In an interview with Crux last month, Ramsey said he had heard the rumors for years both inside and outside of the seminary and had confided his concerns to the seminary’s rector. However, nothing happened, he said, explaining that he decided to contact the Vatican embassy in the U.S. when McCarrick was named archbishop of Washington in November 2000.

Ramsey said he was immediately put in touch with Montalvo when he called the embassy, also called a nunciature, and Montalvo urged him to write a letter. After speaking with a friend and fellow priest about it, Ramsey said he had second thoughts, fearing that his letter would be sent to McCarrick and he would face consequences.

However, Ramsey told Crux that when he called Montalvo back to say he had decided not to send the letter, the nuncio responded saying, “What do you think we are, fools? Send the letter.”

Though he never received a response, Montalvo apparently passed the letter on to the Vatican, because six years later, in 2006, Ramsey received a letter from then-Archbishop Leonardo Sandri, who at the time was serving as the sostituto in the Vatican’s Secretariat of State, inquiring about a priest who studied at the Newark seminary and who was being considered for a post at the Vatican. In his letter, Sandri referenced concerns Ramsey had brought forward in 2000.

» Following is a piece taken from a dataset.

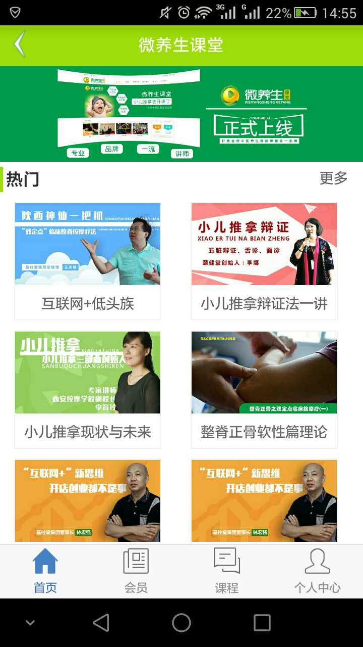 冬日養(yǎng)生中醫(yī)課堂app在做什么立足于實用性和適應(yīng)市場的要求,課堂精選各類養(yǎng)生課程,與多名中醫(yī)行業(yè)權(quán)威專家、教授等一同合作,課程數(shù)量已達1000+,課時總數(shù)超5000,涵蓋中醫(yī)養(yǎng)生、按摩手法、推拿手法、小兒推拿手法、拔罐手法、瀉血手法、艾灸手法、足療手法、食療養(yǎng)生、各類針法等20余大門類,其中不乏數(shù)量可觀、制作精良的獨家課程。從用戶養(yǎng)生、用戶創(chuàng)業(yè)、用戶就業(yè)等多個維度,為用戶打造實用的學(xué)習平臺。團隊介紹這里,匯聚了一群有夢想的人。我們,或來自醫(yī)院醫(yī)師,擁有國家三甲醫(yī)院等國家知名大醫(yī)院的多年工作經(jīng)歷;我們,或來自國內(nèi)行業(yè)專家,在養(yǎng)生行業(yè)里探索養(yǎng)生的創(chuàng)新技術(shù);我們,擁有互聯(lián)網(wǎng)、醫(yī)療、教育等不同背景,卻將同打造中國最優(yōu)質(zhì)的在線養(yǎng)生技能學(xué)習平臺作為了共同使命;我們希望,通過我們的努力,能夠讓更多人獲得受到一流職業(yè)技術(shù)教育的機會,而通過教育,讓我們的民族真正獲得從內(nèi)在騰飛的力量。在這里,在微養(yǎng)生課堂,成千上萬的人已經(jīng)或正在改變生活,這正是我們的價值所在。

In his statement, Viganò, who worked inside the Vatican’s Secretariat of State from 1973-2009, said Montalvo brought the charges forward “at the end of 2000, when Cardinal Angelo Sodano was Secretary of State,” implying that Montalvo passed Ramsey’s letter along almost as soon as he got it.

Though he worked inside the Secretariat of State at the time, Viganò said his office was never informed about the letter or any concerns involving McCarrick.

Sodano headed the secretariat until 2006, and “all information was communicated to him,” Viganò said, adding that “in November 2000, Nunzio Montalvo sent him his report, passing on to him the aforementioned letter from Father Boniface Ramsey in which he denounced the serious abuses committed by McCarrick.”

However, despite Montalvo’s action in passing on Ramsey’s letter, Viganò asserts that nothing was done.